[[ DATASET CONTENT open ]]

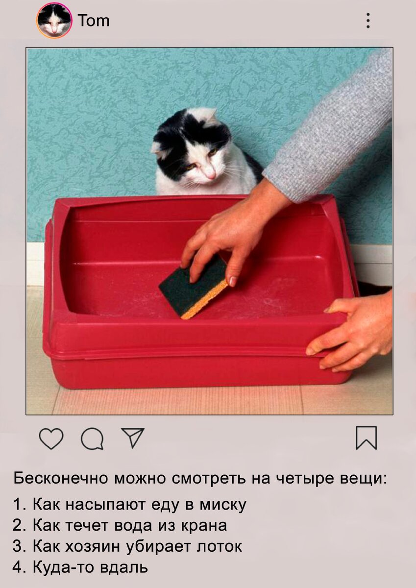 Давайте представим такую вселенную, что наши питомцы стали бы настолько продвинутыми, что для них также были придуманы социальные сети, например, некий альтернативный кошачий Инстаграм. Как вы думаете, что бы они туда загружали, точнее какие фотографии или записи?
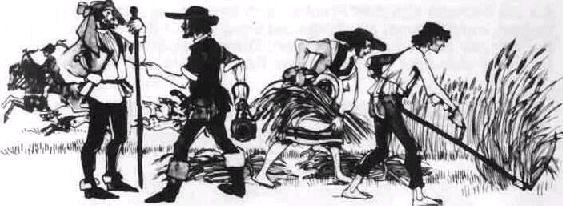 Ein Bauer mit Gesinde bei der Ernte und Zehntknech mit Kerbholz
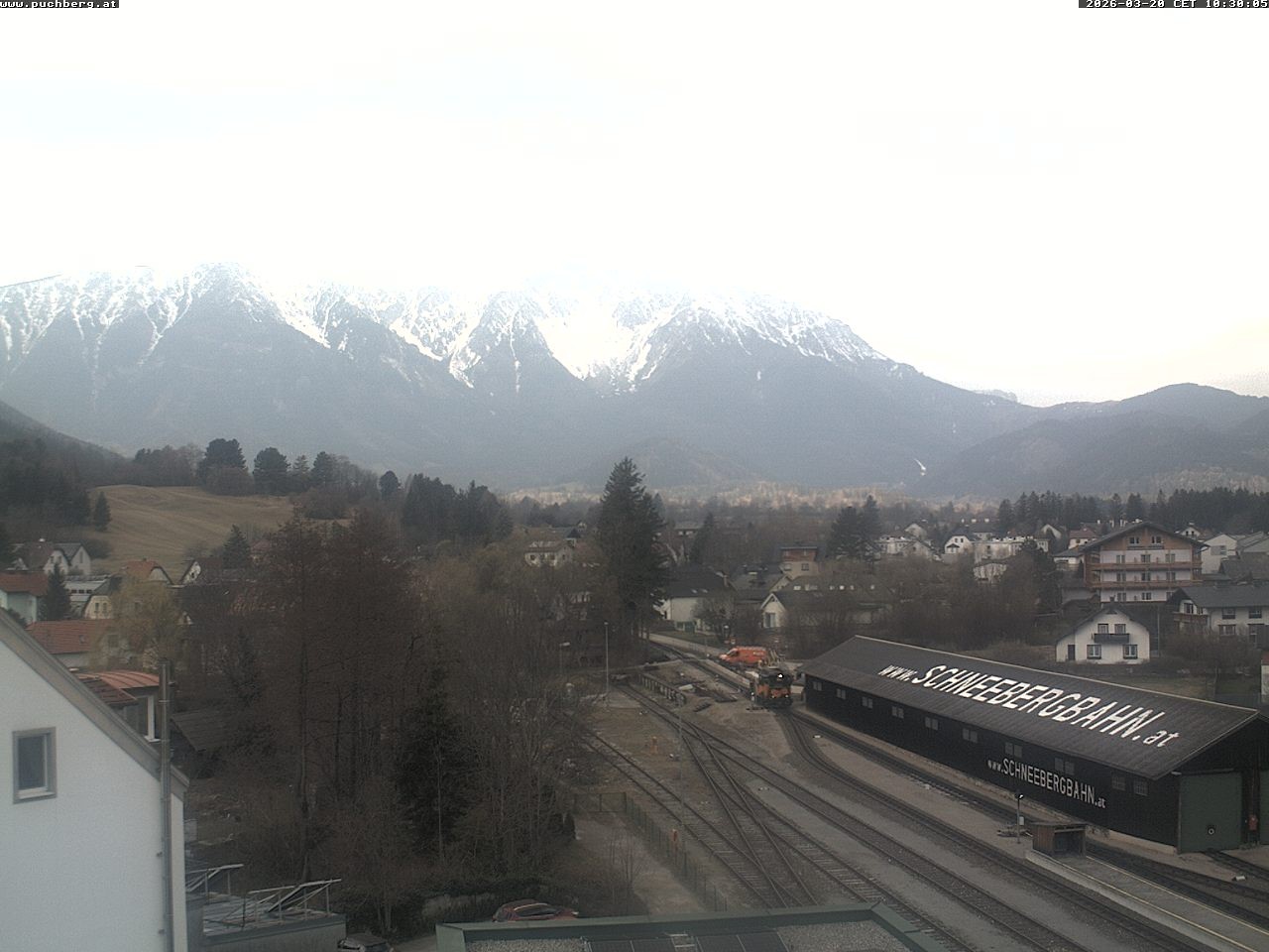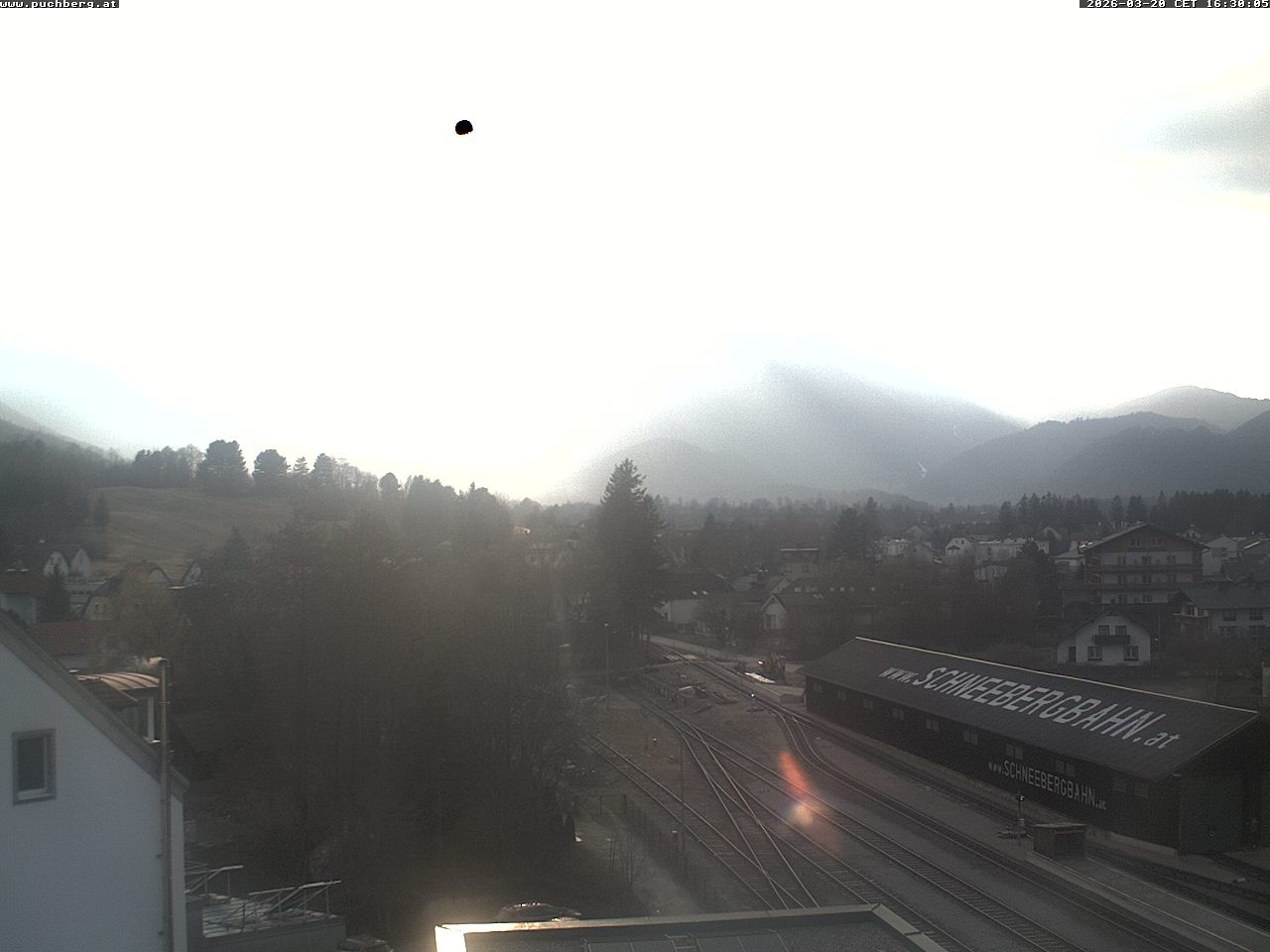 Archived webcam image showing Train station Puchberg - view to the Schneeberg on 20 Mar 2026 at 16:05 Latest
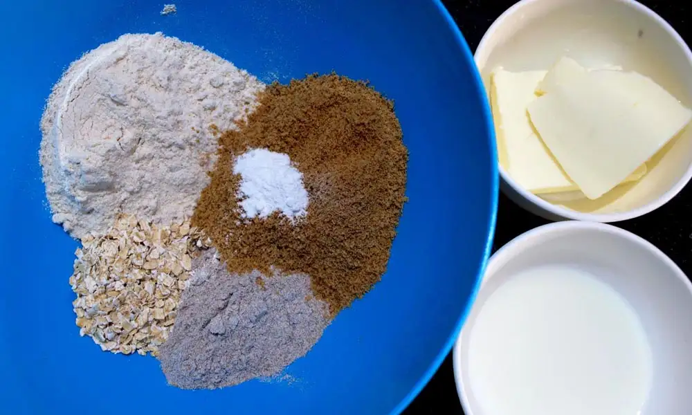 In another mixing bowl, take wheat flour, oats, millet flour, jaggery powder, and baking powder. Mix all the dry ingredients well.
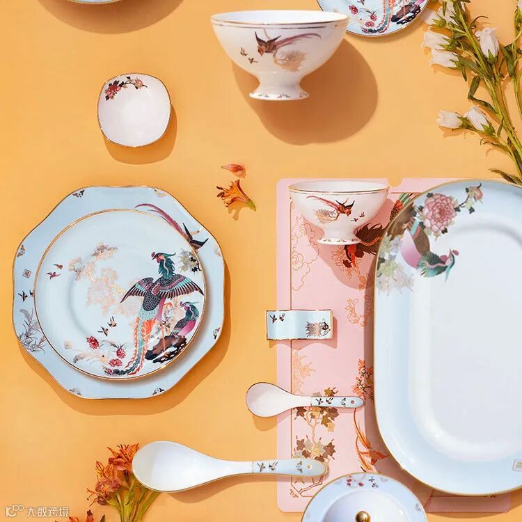 奥唯百鸟朝凤骨质瓷餐具套装-30头
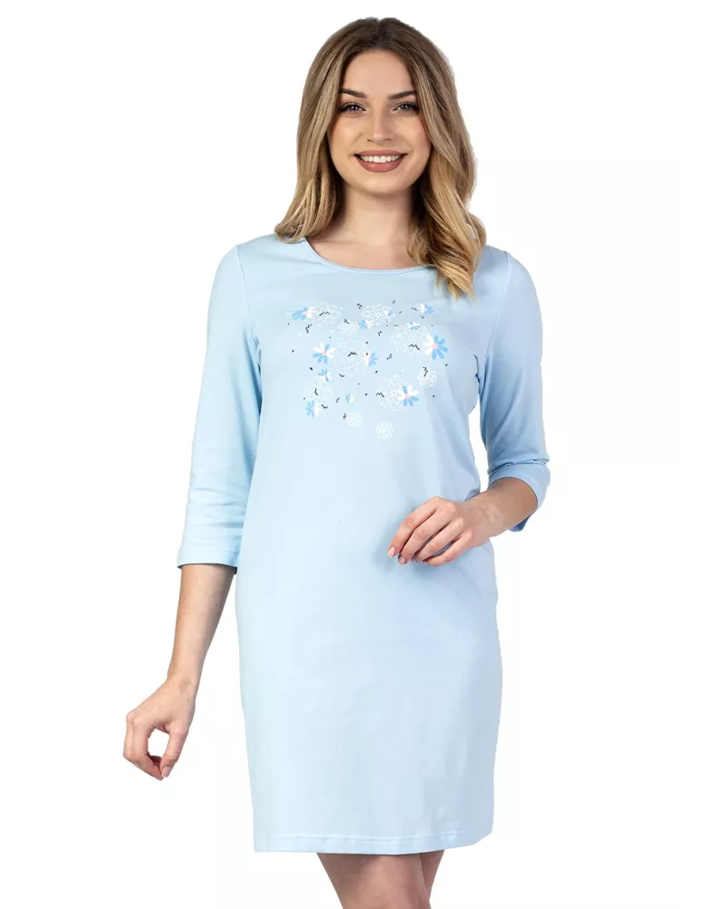 Dámská noční košile 138/41 značky REGINA přináší do Vašeho šatníku lehkost a pohodlí, které si zamilujete. Jemný pastelově modrý odstín působí svěže a decentně, zatímco dekorativní květinový potisk na předním díle dodává celkovému vzhledu jemnou ženskost. Volnější střih s 3/4 rukávy poskytuje maximální komfort i volnost pohybu – ideální pro klidné večery nebo víkendové ráno doma.
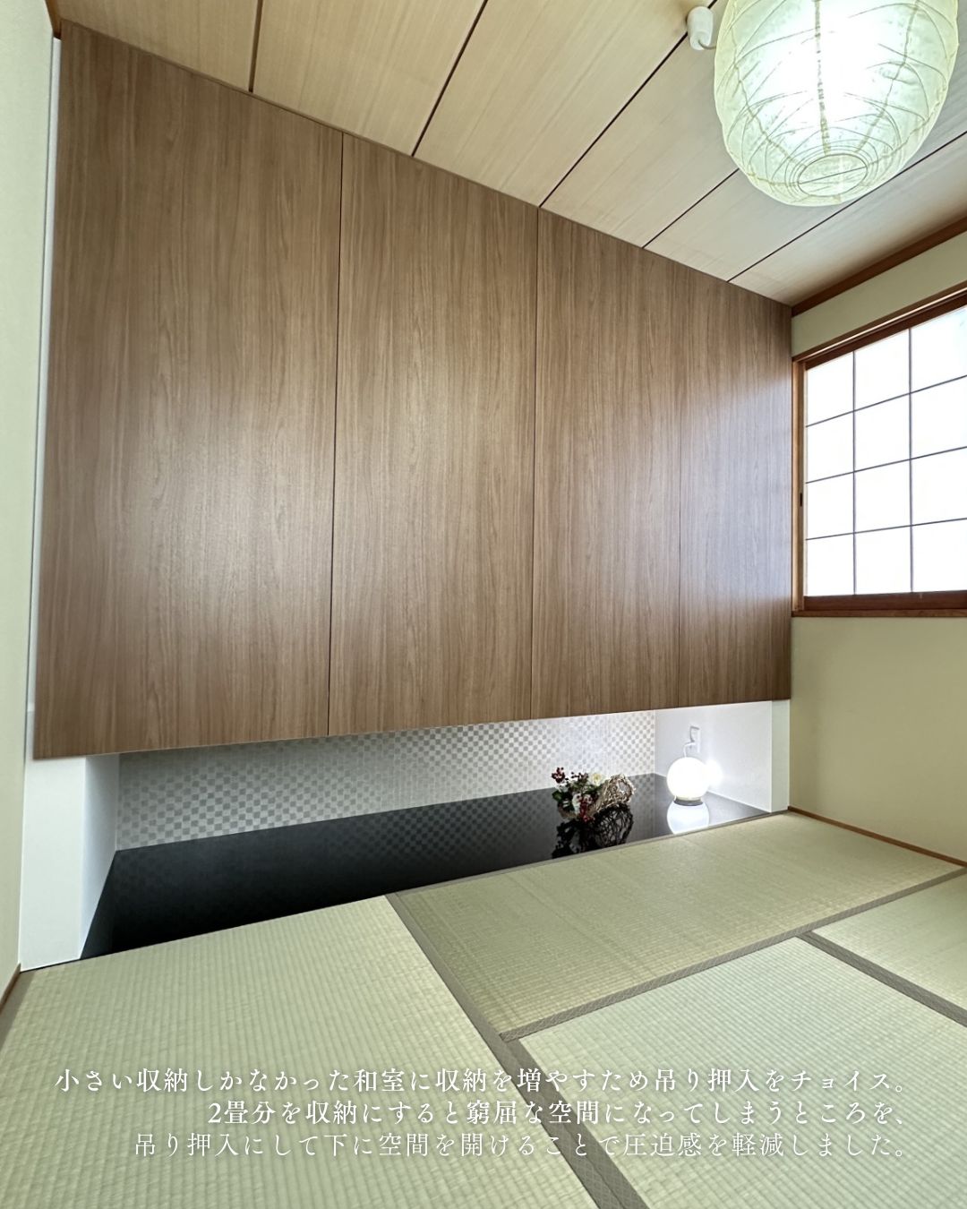 押入を床から浮かせて、収納部分の下を開けることで、圧迫感が軽減され、お部屋が広く感じられます。

[[ DATASET CONTENT closed ]]

▶ [YOUR TASK] Would you write out all of the data exactly as it stands, without the pictures?

▶ [TASK SOLUTION]
 Давайте представим такую вселенную, что наши питомцы стали бы настолько продвинутыми, что для них также были придуманы социальные сети, например, некий альтернативный кошачий Инстаграм. Как вы думаете, что бы они туда загружали, точнее какие фотографии или записи?
 Ein Bauer mit Gesinde bei der Ernte und Zehntknech mit Kerbholz
 Archived webcam image showing Train station Puchberg - view to the Schneeberg on 20 Mar 2026 at 16:05 Latest
 In another mixing bowl, take wheat flour, oats, millet flour, jaggery powder, and baking powder. Mix all the dry ingredients well.
 奥唯百鸟朝凤骨质瓷餐具套装-30头
 Dámská noční košile 138/41 značky REGINA přináší do Vašeho šatníku lehkost a pohodlí, které si zamilujete. Jemný pastelově modrý odstín působí svěže a decentně, zatímco dekorativní květinový potisk na předním díle dodává celkovému vzhledu jemnou ženskost. Volnější střih s 3/4 rukávy poskytuje maximální komfort i volnost pohybu – ideální pro klidné večery nebo víkendové ráno doma.
 押入を床から浮かせて、収納部分の下を開けることで、圧迫感が軽減され、お部屋が広く感じられます。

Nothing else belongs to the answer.